# [Dataset entries]
┄┄┄┄┄┄
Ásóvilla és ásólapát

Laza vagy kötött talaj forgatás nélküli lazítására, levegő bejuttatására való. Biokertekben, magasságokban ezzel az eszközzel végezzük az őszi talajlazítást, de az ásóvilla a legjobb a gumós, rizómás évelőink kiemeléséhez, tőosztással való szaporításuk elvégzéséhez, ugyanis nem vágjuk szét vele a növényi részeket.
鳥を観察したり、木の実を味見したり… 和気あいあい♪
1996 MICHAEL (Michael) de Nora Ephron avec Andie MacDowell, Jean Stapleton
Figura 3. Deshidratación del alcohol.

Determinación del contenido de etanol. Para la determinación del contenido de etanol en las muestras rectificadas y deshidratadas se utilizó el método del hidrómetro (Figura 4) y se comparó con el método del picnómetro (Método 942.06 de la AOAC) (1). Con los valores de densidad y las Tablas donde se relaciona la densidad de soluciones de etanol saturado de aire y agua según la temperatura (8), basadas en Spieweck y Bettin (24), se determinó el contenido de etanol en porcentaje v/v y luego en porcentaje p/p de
┄┄┄┄┄┄
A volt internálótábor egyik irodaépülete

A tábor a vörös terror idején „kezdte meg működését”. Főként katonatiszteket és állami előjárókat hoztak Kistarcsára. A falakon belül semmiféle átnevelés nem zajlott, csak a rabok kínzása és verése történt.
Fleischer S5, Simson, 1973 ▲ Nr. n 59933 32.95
┄┄┄┄┄┄
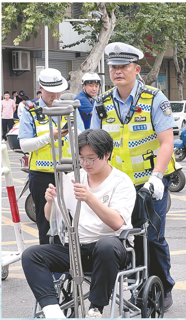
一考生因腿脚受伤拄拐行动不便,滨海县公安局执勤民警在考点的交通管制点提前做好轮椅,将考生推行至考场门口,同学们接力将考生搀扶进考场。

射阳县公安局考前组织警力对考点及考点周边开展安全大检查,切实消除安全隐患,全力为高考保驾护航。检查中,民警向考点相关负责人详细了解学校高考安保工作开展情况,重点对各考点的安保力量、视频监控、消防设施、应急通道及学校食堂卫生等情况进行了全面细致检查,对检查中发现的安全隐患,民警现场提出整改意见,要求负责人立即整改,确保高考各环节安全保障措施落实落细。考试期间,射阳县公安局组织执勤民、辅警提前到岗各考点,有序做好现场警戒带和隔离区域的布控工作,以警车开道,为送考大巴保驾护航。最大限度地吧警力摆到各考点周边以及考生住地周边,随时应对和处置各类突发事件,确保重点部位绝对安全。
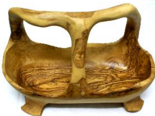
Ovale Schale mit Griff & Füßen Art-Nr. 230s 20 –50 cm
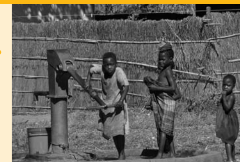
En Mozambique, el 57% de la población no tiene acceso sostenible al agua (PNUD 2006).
┄┄┄┄┄┄
Going through the listing above, tally the lines that contain the word "agua" and state the total alone.

2